In an e-mail exchange in January 2007, Sampson tells deputy White House counsel William Kelley that senators are beginning to suggest that U.S. attorneys were fired for political reasons. Sampson suggests that the administration respond with "language about some USAs sometimes being 'removed, or asked or encouraged to resign' because of 'substandard performance' and/or 'failure to implement effectively the Department's priorities.'" Sampson says: "This is the high road" because it doesn't involve the smearing of any particular prosecutor.

Kelley forwards Sampson's suggestion to White House counsel Harriet Miers, who expresses surprise that the Justice Department would suggest that the administration "go out and say negative things" about the U.S. attorneys who resigned.

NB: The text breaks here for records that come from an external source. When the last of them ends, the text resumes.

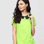 Parrot Green Top With Half Sleeves And Collar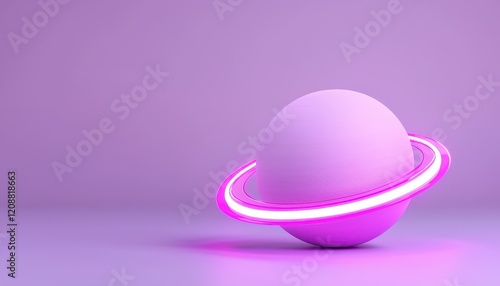 Obraz premium A minimalist design featuring a glowing pink sphere surrounded by a ring on a...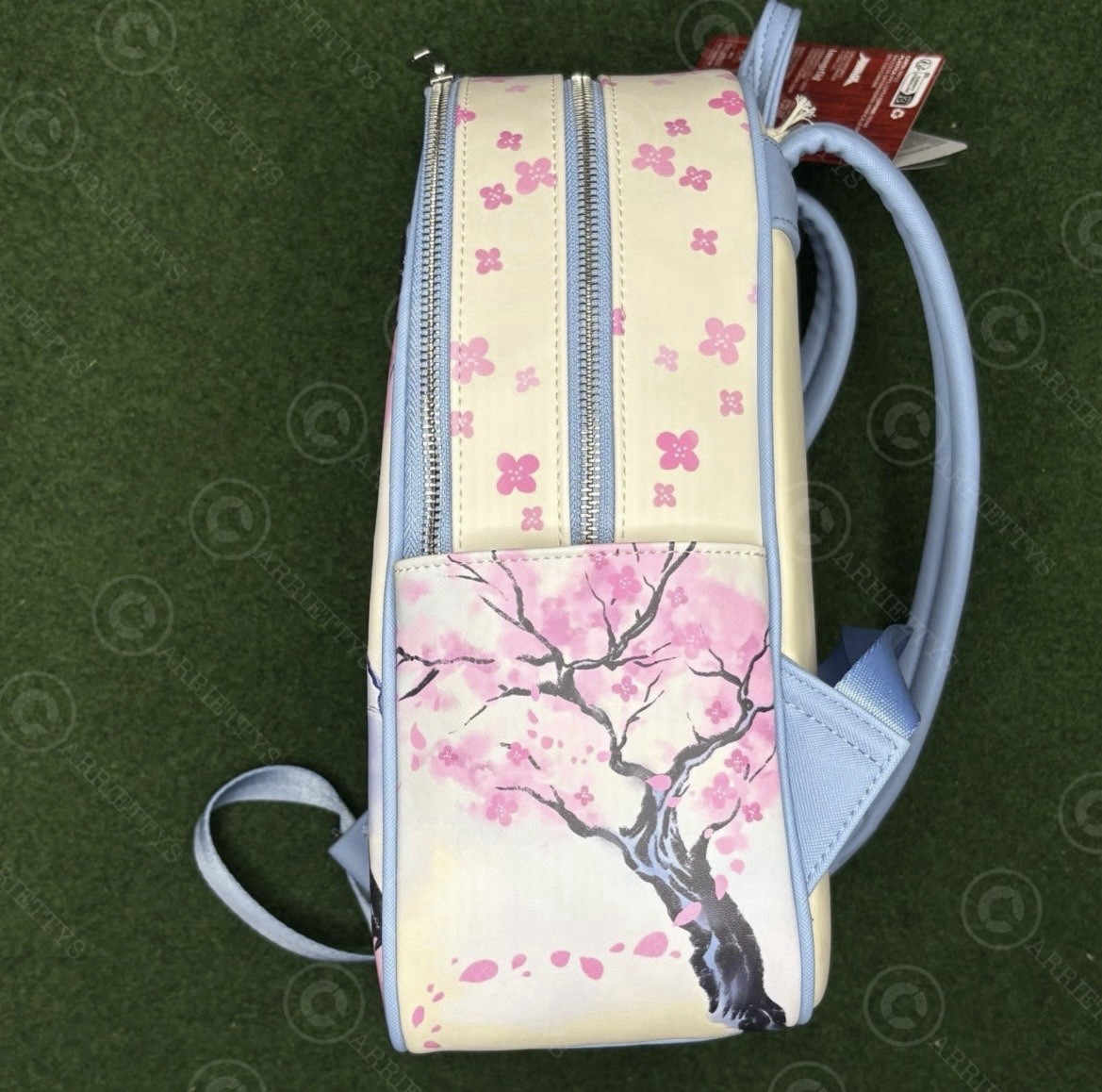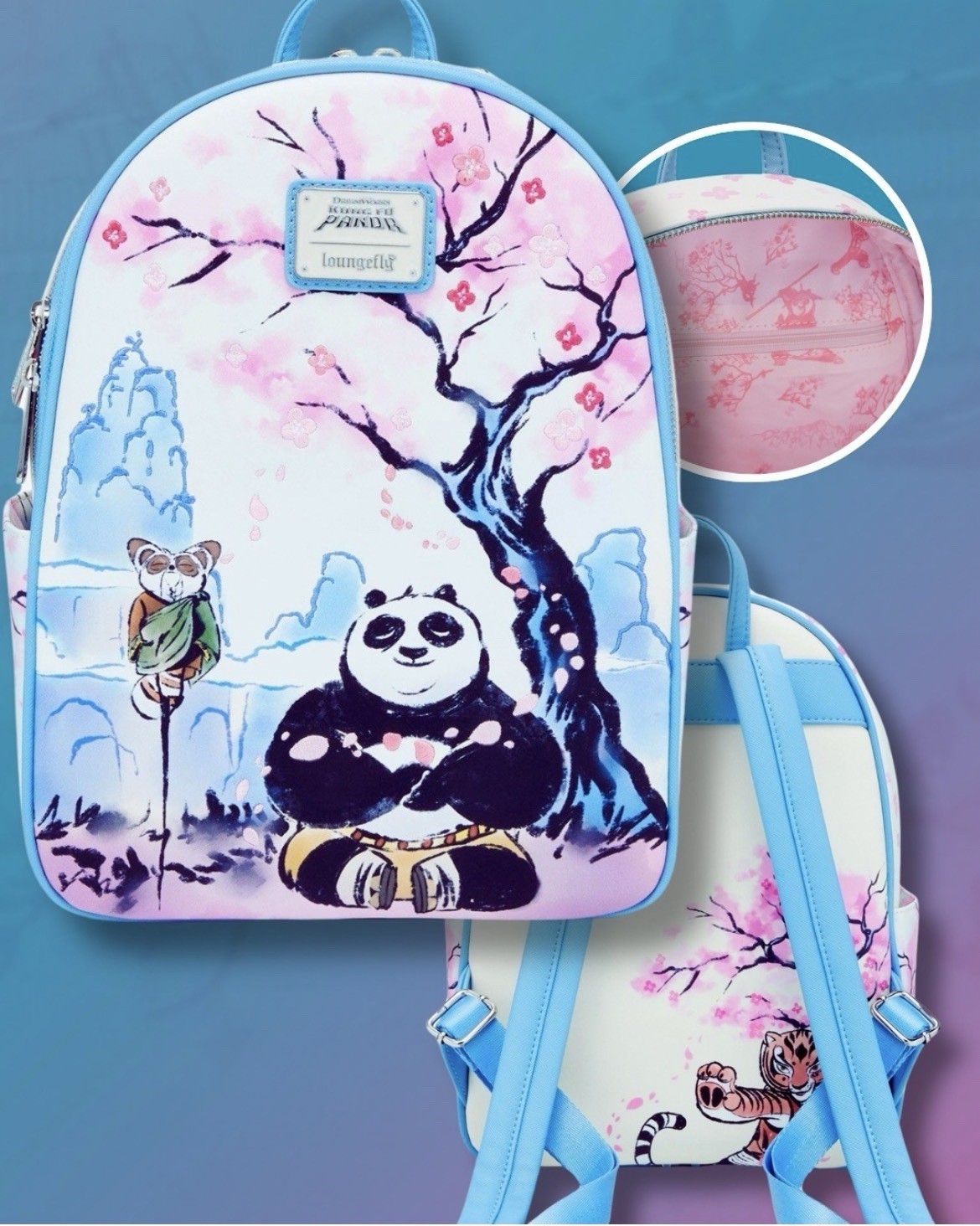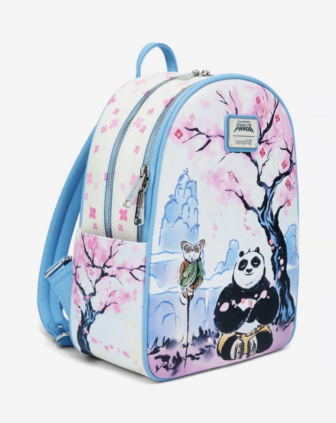 The Loungefly Kung Fu Panda Po Master Shifu Embroidered Cherry Blossom Mini Backpack is a stylish and small backpack perfect for women who are fans of the Kung Fu Panda movie. The pink exterior with embroidered floral accents and silver hardware gives it a chic and unique look. With adjustable shoulder straps and a zip closure, this backpack is both fashionable and practical for casual outings or parties. The faux leather and polyurethane materials ensure durability, while the stainless steel hardware adds a touch of quality to the overall design.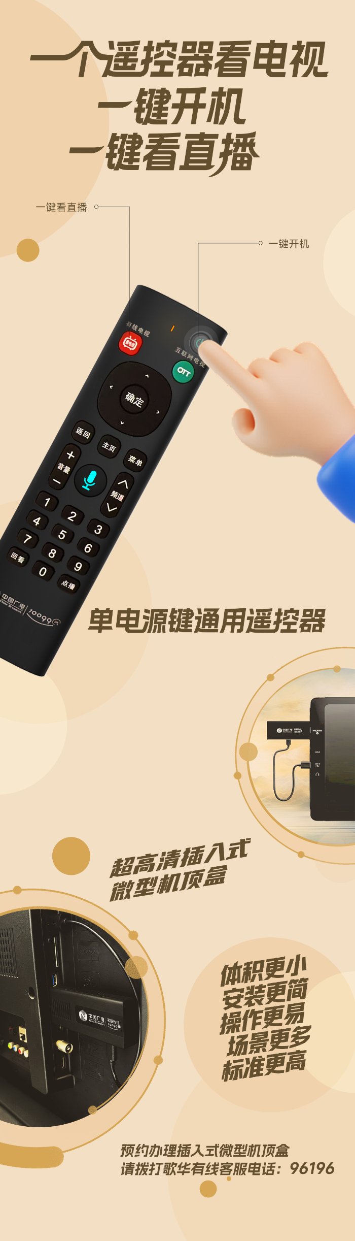 作为中国广电集团在终端创新与用户体验优化方面的重要实践,歌华有线积极落实广电总局治理电视操作复杂、推动超高清端到端发展的部署,率先规模化推广超高清插入式微型机顶盒。该设备具备五大突出优势:一是体积更小,较传统设备缩小70%以上,采用HDMI直插设计。二是安装更简,仅需“插接口、接电源、选信号源”三步操作,无需复杂布线。三是操作更易,配合单电源键通用遥控器及“看电视”一键直达功能。四是场景更多,除传统电视外,可便捷连接投影仪、便携屏、一体机等新型设备,轻松融入家居、办公等多元场景。五是标准更高,搭载高效视频编解码技术,全面支持4K超高清传输,带来稳定、清晰、流畅的收视体验。歌华有线以“歌华mini”品牌为抓手,依托覆盖北京16区的广电网格化服务体系,推进“营、维、服”一体化,通过社区服务、预约上门等方式,构建“小终端、优内容、好体验”的服务闭环。同时,用户反馈积极,超高清插入式微型机顶盒小巧机身、即插即用的特性,配合单电源键通用遥控器,真正实现了“一个遥控器看电视”和“一键看直播”,解决了连线多、操作复杂问题,切实提升了用户收视便捷性与满意度。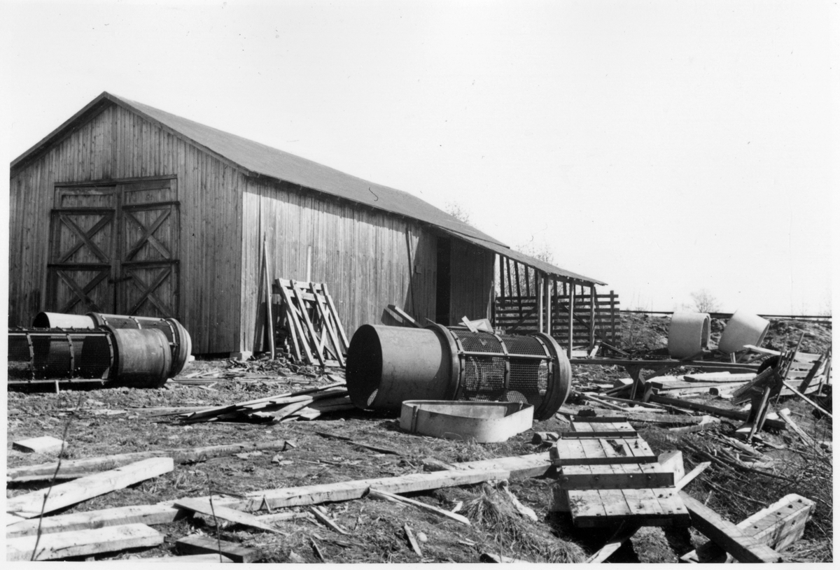 Vägstation Y9, Själevad. Förrådsbyggnad. Trummor till grussorteringsverk, diverse virke framför byggnaden, cementrör.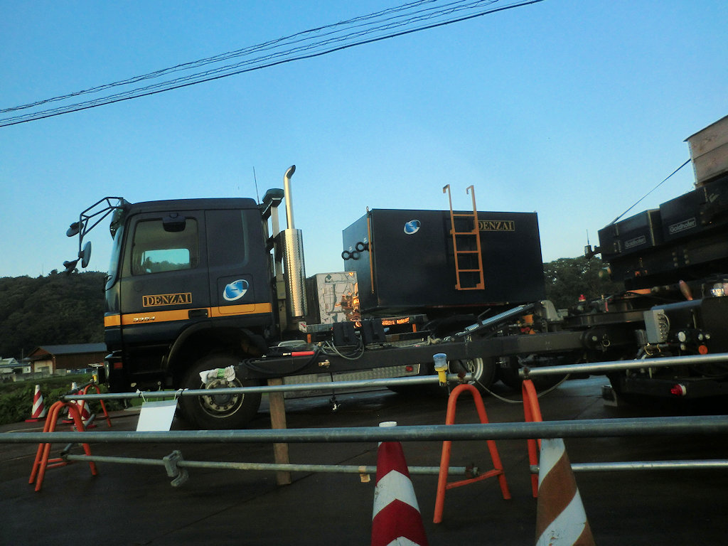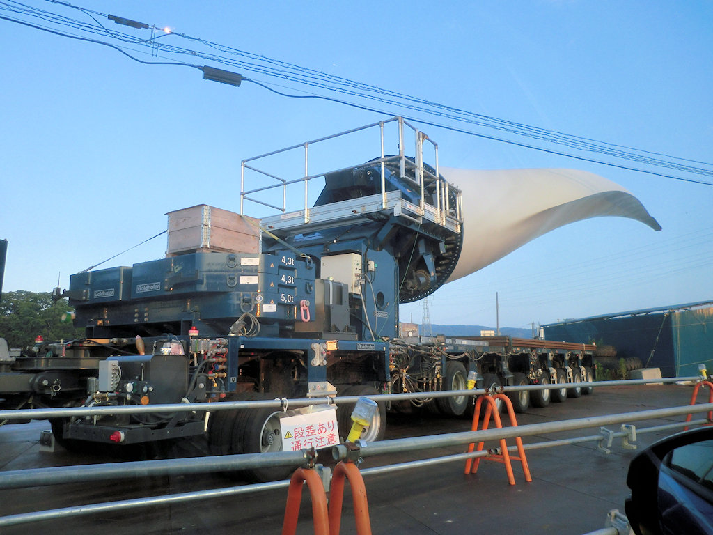 現場へ行く途中、巨大な物を観た。風力発電のブレード。地上で見るとかなり大きい。この車輪の多さよ。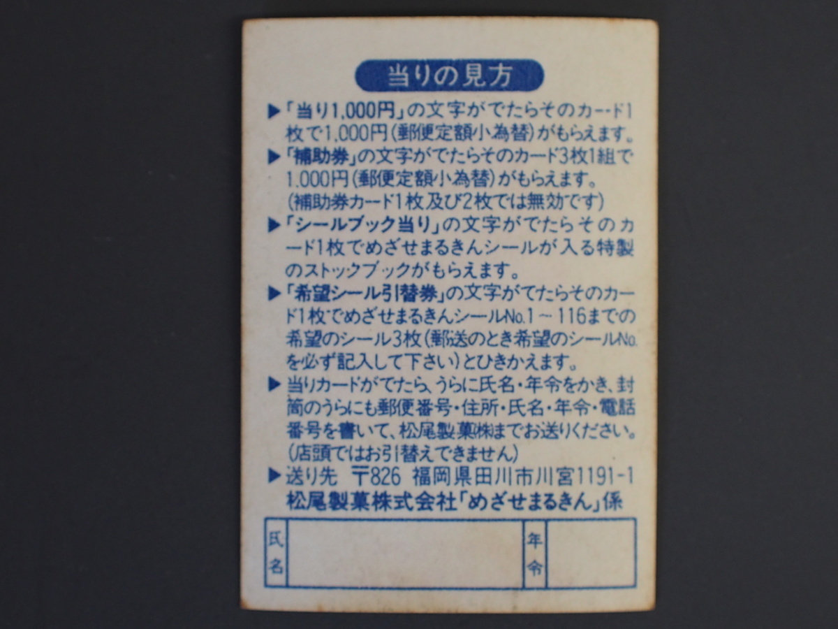 | 商品説明・コメント | 松尾製菓(チロル)、めざせまるきんの「まる字シリーズ」です。 当時、大きい50円型のチョコにオマケシールが付いたビックリマンの二番煎じを狙ったチロルのシールシリーズです。 シールをめくり当たりが出るとお小遣い1000円が貰える大盤振る舞い企画が有った為、真ん中のシール部の剥離が有るかもしれませんが保証範囲外です。 当時の子供たちが少ないお小遣いを工面してこのまるきんで一攫千金を夢見て購入しておりましたが今考えるに子供の宝クジの様な物だったのかもしれません。 アタリが出なかった為、宝くじに匹敵する程の当背率では無いか?、本当にアタリが有るのか?との疑いの声が上がって居た程ですが夢が有ったシールシリーズで有った事は事実です。 大事に保管されていた当時物のシールでは御座いますので年式にしては綺麗かもしれませんがシールに傷、汚れ、痛み、しみ、加工、折れ、劣化は御座いますのでジャンク扱いノークレーム、ノーリターンでの取引を希望致します。 当時物のシールとなりますので現存も少なくなり中々市場に現れる事が無くなって来ましたのでマニア必見です。 商品の仕様の詳しくは御自身でお調べ頂きます様にお願い致します。 古いシールになりますので全てに於いてオリジナルを保証する物では御座いません。 状態に尽きましては写真にて御確認頂けます様御願い致します。 写真では御確認頂けない不具合等もある前提で原則ジャンク扱いにて御考慮下さい。 上記の通り、原則瑕疵担保責任はお受け致しませんので御了承下さいます様御願い致します。 上記の条件を御理解頂けない方の入札はお断り致します。 |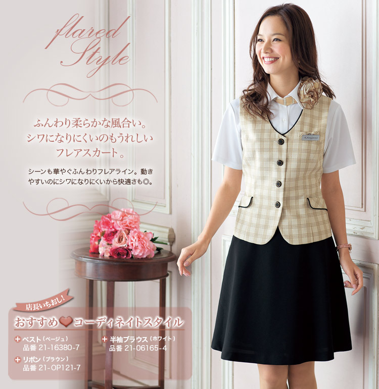 【在庫限り】[春夏用]夏素材で快適!2WAYストレッチフレアスカート<53cm>(21-56304)
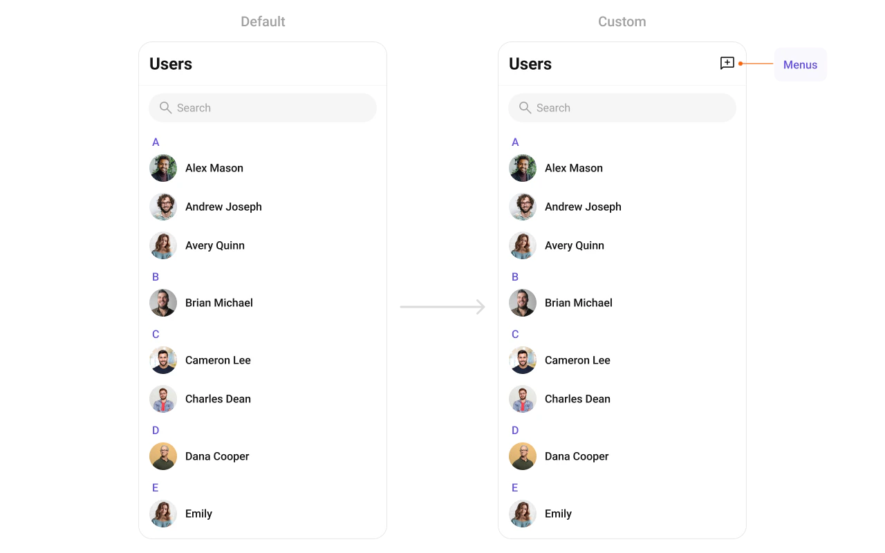 Custom context menu actions for each user item.Common Patterns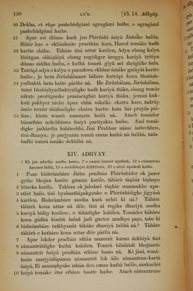 1839年孟加拉語新約全書 路加福音 13 章 30 節到 14 章 10 節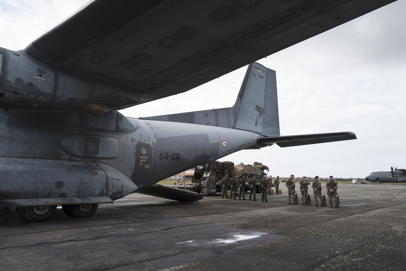 Le président Français Emmanuel Macron est à Toulouse le jeudi 17 Janvier 2019, au sein du pôle national des opérations aéroportées, pour présenter ses voeux aux armées.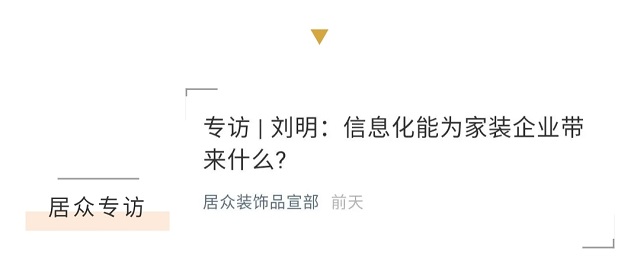 前天,居眾裝飾品宣部發了一篇標題為“信息化能為家裝企業帶來什么”的專訪。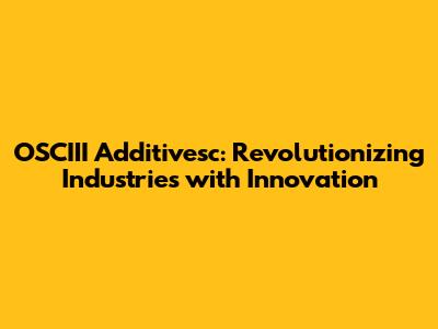 OSCIII Additivesc: Revolutionizing Industries With Innovation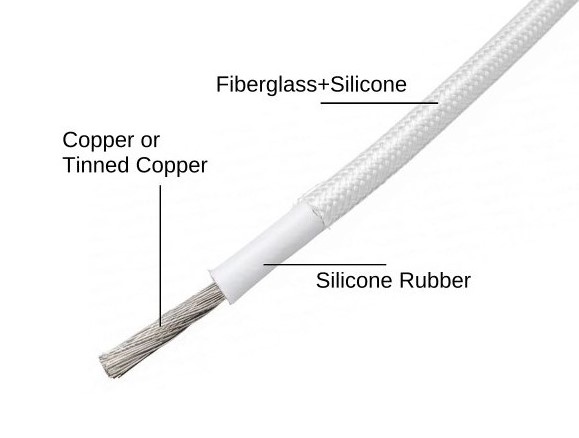 สายไฟทนความร้อนคุณภาพสูง ฉนวนซิลิโคนหุ้มไฟเบอร์กลาส เป็นสายไฟที่ใช้ในงานไฟฟ้า มีคุณสมบัติทนความร้อนได้ดี ทนอุณหภูมิได้สูง ตัวนำเป็นทองแดงเคลือบดีบุก เหมาะสำหรับ ต่อร่วมกับอุปกรณ์ ที่ต้องใช้กับอุณหภูมิสูง เช่น ฮีตเตอร์ (Heater) หรือใช้ในเตาอบที่อุณหภูมิสูง อุณหภุมิไม่เกิน 200 องศา (มีสีให้เลือกหลากหลาย เช่น สีขาว สีแดง สีดำ สีเหลือง สีเขียว สีน้ำเงิน เป็นต้น)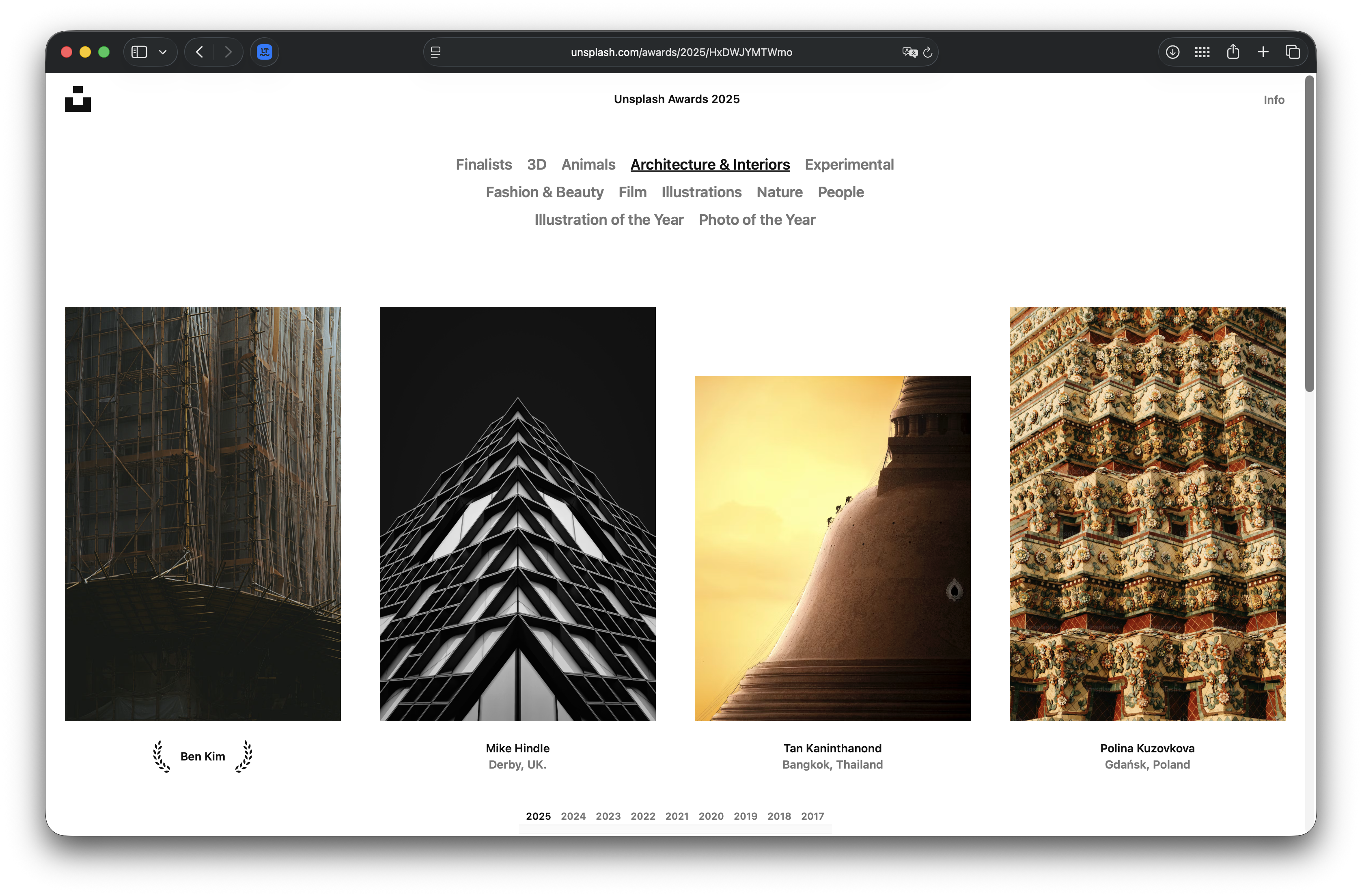 Well, this is surreal 😳 Here are the finalists in the Architecture & Interiors category of the Unsplash Awards 2025 🏆

When she notes that senators -- and not the fired U.S. attorneys themselves -- are out making public comments about the termination, Kelley suggests that the administration talk trash about the former prosecutors with the senators directly "without going negative in public."

In an e-mail exchange in early February of this year, White House political director Sara Taylor, who resigned in March, tells Sampson that she thinks it's time to go after Cummins on the grounds that he has started talking publicly about his forced resignation. "I normally don't like attacking our friends," she writes. "But since Bud Cummins is talking to everyone -- why don't we tell the deal on him?"

Soon thereafter, Deputy Attorney General Paul McNulty testifies publicly that Cummins was forced out not for performance reasons but rather to make room for Griffin. Someone -- it's hard to tell who -- sends a New York Times story on the issue to Sampson with the subject line "McNulty strikes again." Sampson forwards it to Taylor, who asks: "Why would McNulty say this?" She adds: "This has been so poorly handled on the part of the DOJ."

Sampson replies that he's traveling and will talk with Taylor when he returns. She can't wait. In a reply, she says: "Tim [Griffin] was put in a horrible position; hung to dry w/no heads up. You forced him to do what he did; this is not good for his long-term career. Bud runs a campaign and McNulty refuses to say Bud is lazy -- which is why we got rid of him in the first place."


By Tim Grieve

Tim Grieve is a senior writer and the author of Salon's War Room blog.